Each time Becerra gets the urge to pack her bags, she talks herself out of it. Her daughter and mother, a cancer patient, are comfortable in Colombia. An opposition activist, she wonders if pro-Maduro compatriots might still hold a grudge against her. In her mind, she questions if she’d even be returning to the same country.
“It has been 20 years of this,” she said. “How do you change 20 years?”
Venezuelans began fleeing two decades ago, when revolutionary Hugo Chavez rose to power, in a familiar pattern: Those with money and connections fled first, often to the United States, while the poorer left later, by bus and on foot to Colombia.
The exodus of Venezuelans is now one of the largest mass migrations in the world — an estimated 5,000 cross into Colombia every day, about the same size as the entire migrant caravan from Central America to the U.S. last fall. The United Nations estimates there are 3.4 million Venezuelans abroad.
A study of 2013 Census Bureau data by the Pew Hispanic Center found that Venezuelans in the U.S. have higher levels of education than the general population and a higher median income than most Latinos in the country, an indicator of the skill sets and capital they can contribute to their homeland. Unlike the Cubans who fled decades ago, many still have fresh memories of Venezuela and want to put their knowledge to use.
“There is a lot of international know-how waiting outside Venezuela,” said Daniel Lansberg-Rodriguez, a Venezuela expert who teaches at Northwestern University.
Past experience shows that once a Latin American emigre has been abroad for more than five years, they are very unlikely to return, said Manuel Orozco, director of the Migration, Remittances and Development Program at The Inter-American Dialogue in Washington.
But other countries that have experienced protracted domestic conflicts saw a boom in remittances once political stability was restored and Venezuela could too, if a more effective payment network is established, Orozco said. Still, he warned, it will fall short of what is needed by a nation in such dire straits.
“The diaspora think they can just come and redo the country in a short period of time — it’s just not going to be that way,” he said.
Frank Carreno, an actor and businessman, said that after 15 years in Miami, where his immediate family is now all located, he wouldn’t move back. But he would like to open a business in Venezuela as he did 10 years ago when he set up three vocal training studios. He closed them in 2013 as the country’s economic crisis began to sink in.
Others, like Gabriela Alvarez, 32, who has lived in Madrid for the last two years, envision themselves returning but want more than just political change. She said she’d want Venezuela’s crime rate— among the highest in the world — to improve and to be assured that she and her family could get adequate medical care.

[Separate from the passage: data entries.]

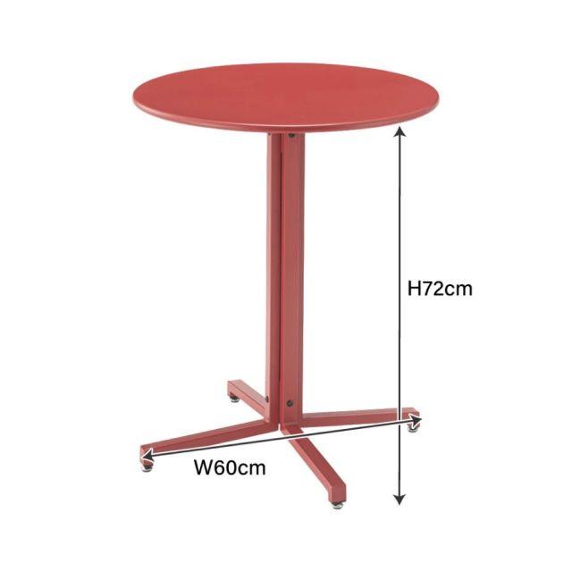 ■優雅なアフタヌーンティーから、友人と飲み明かす夜、そしてオフィスシーンまで。コンパクトなサイズ感で場所を選ばず、あらゆるシーンで活躍するスチールテーブル。■天板は直径60cmと小さめ。スペースが限られた場所にも置くことができるので、1〜2人での使用にオススメです。■表面の塗装はマットな光沢を放ち、ラフで親しみやすい印象を与えてくれます。無駄なく洗練されたデザインなので、オブジェのようにお部屋のアクセントにすることもできます。■天板はスチール製なので、汚れたり、水をこぼしたりしても、シミになる心配がありません。サッと拭きとるだけで簡単にお手入れできます。またサビに強い粉体塗装を施しているため、綺麗な状態を長く維持してお使いいただけます。■脚部の接地面にはアジャスターが付いているため、微細な高さ調整が可能となり、ガタツキを最小限に抑えることができます。安定したテーブルで安心して食事や作業を行っていただくことが可能です。
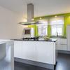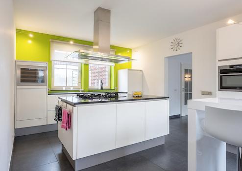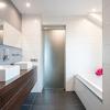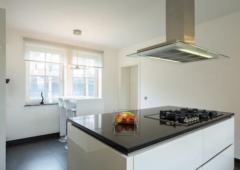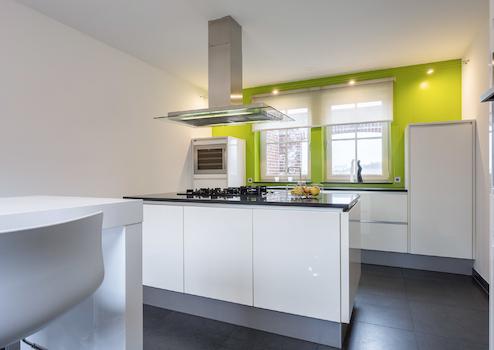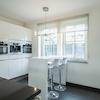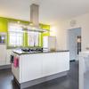 Küche (5,17 x 3,71 m) mit moderne Einbauaufstellung mit Kochinsel, Gasherd, Geschirrspüler, Kaffeevollautomat, Kombi-Backofen/Mikrowelle, Dampfgarer, Kühlschrank, Weinkühlschrank und Granitarbeitsplatten.
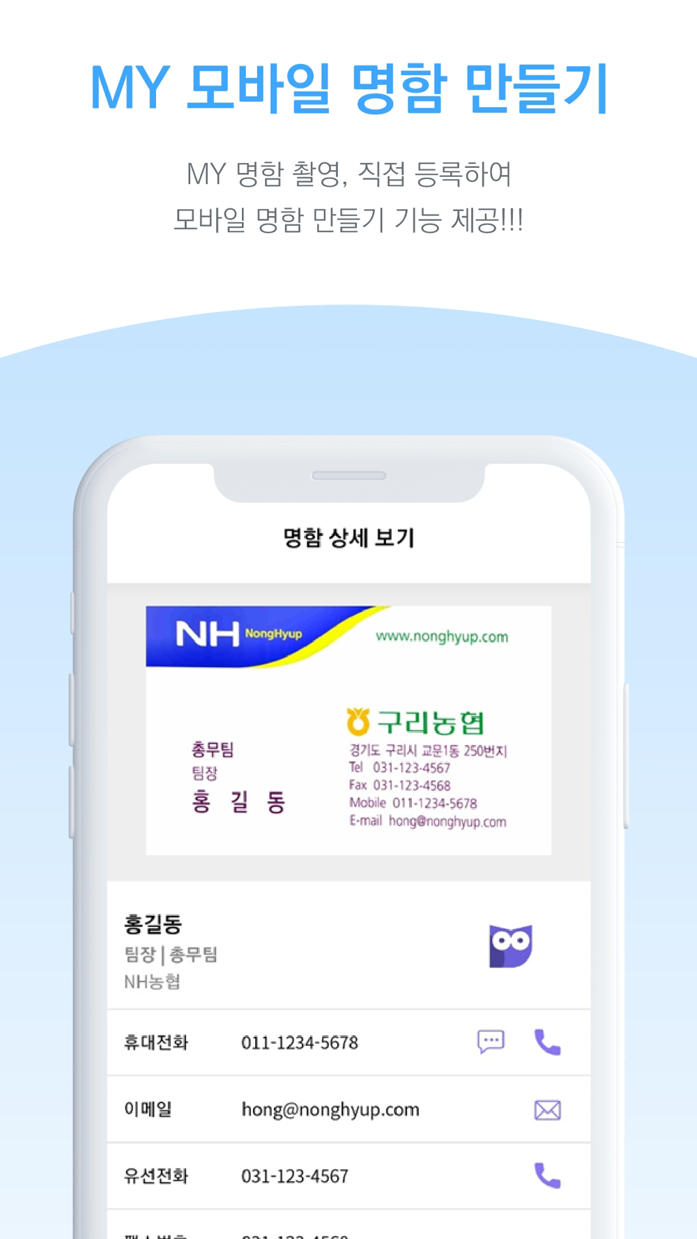 MY 명함첩에서 명함 정보를 수정하면 휴대폰 주소록에도 알아서 수정/저장 됩니다.
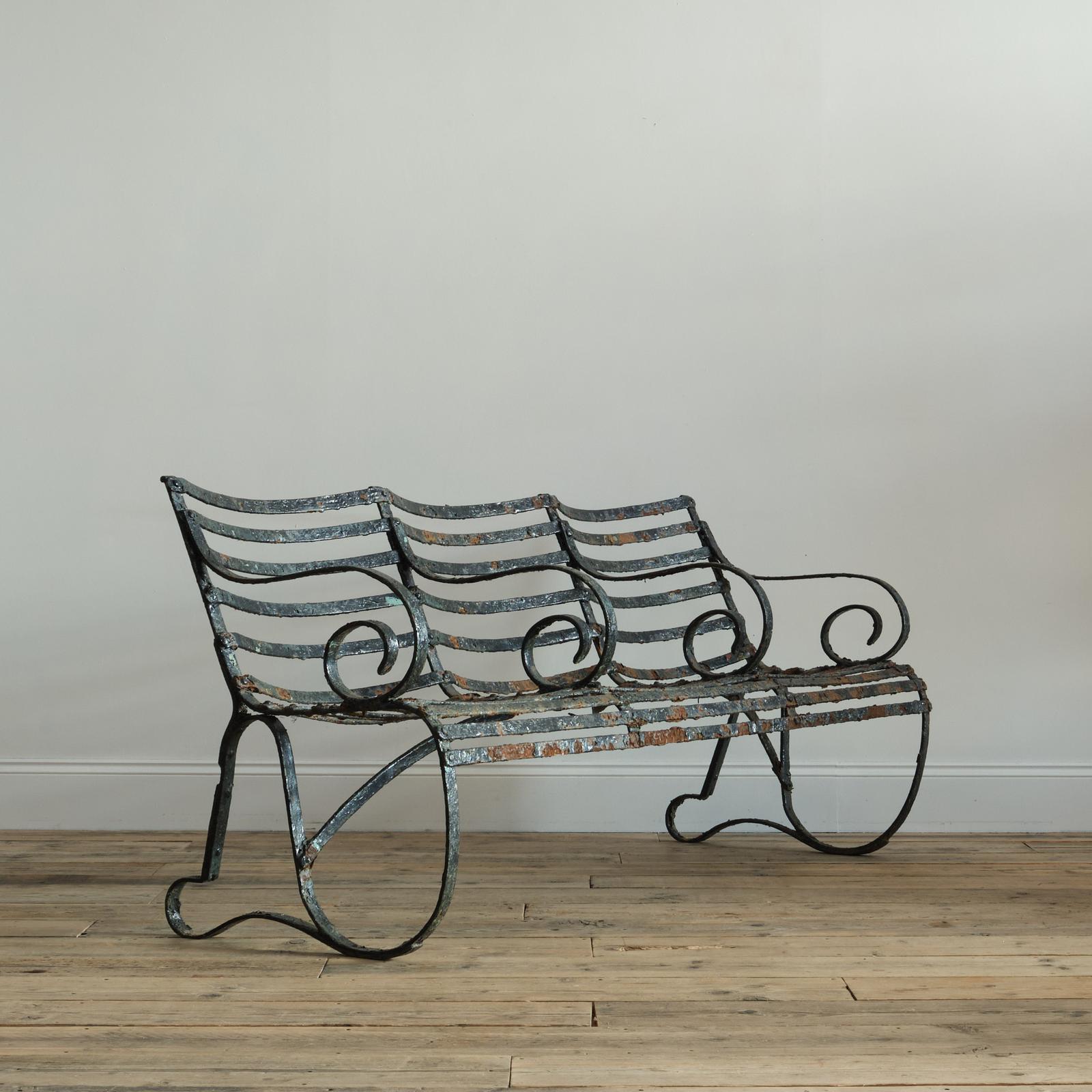 19th Century Wrought Iron Strap Work Garden Bench
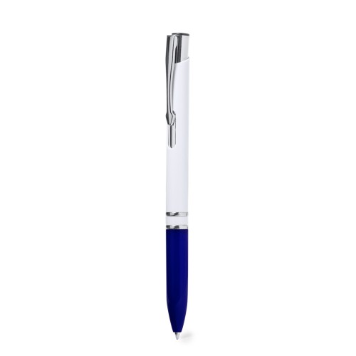 Elegante bolígrafo con mecanismo pulsador. Con cuerpo acabado en color blanco brillo y empuñadura en variada gama colores. Fabricado en resistente ABS acabado brillo. Con carga jumbo y tinta azul.
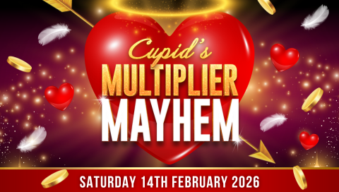 Fall head over heels on Saturday, 14 February, with your chance to win a share of up to $1,950 CASH, with Cupid's Multiplier Mayhem draws every 30 minutes from 8:20pm-10pm

“Venezuela needs us,” said Alvarez, who used to work as a producer at a Venezuelan television channel. “The best thing we could do is return to help the country recover.”
Venezuelans abroad are already playing a key role in helping Guaido consolidate his position as the country’s interim president. In the years leading up to his proclamation in January, dozens of opposition leaders fled under the threat of arrest. They used their platform outside Venezuela to raise awareness with international leaders and are now helping execute Guaido’s mandates, like finding ways to gather humanitarian aid.
“Exile feels isolating, but we’ve been able to reinvent ourselves,” said exiled lawmaker turned activist Arellano.
Becerra, who can see the Venezuelan mountains from her new home in Cucuta, said her young daughter Hillary often asks when they can go back.
Becerra struggles with how to respond: “How do I explain to my 7-year-old daughter that the country she remembers doesn’t exist anymore?”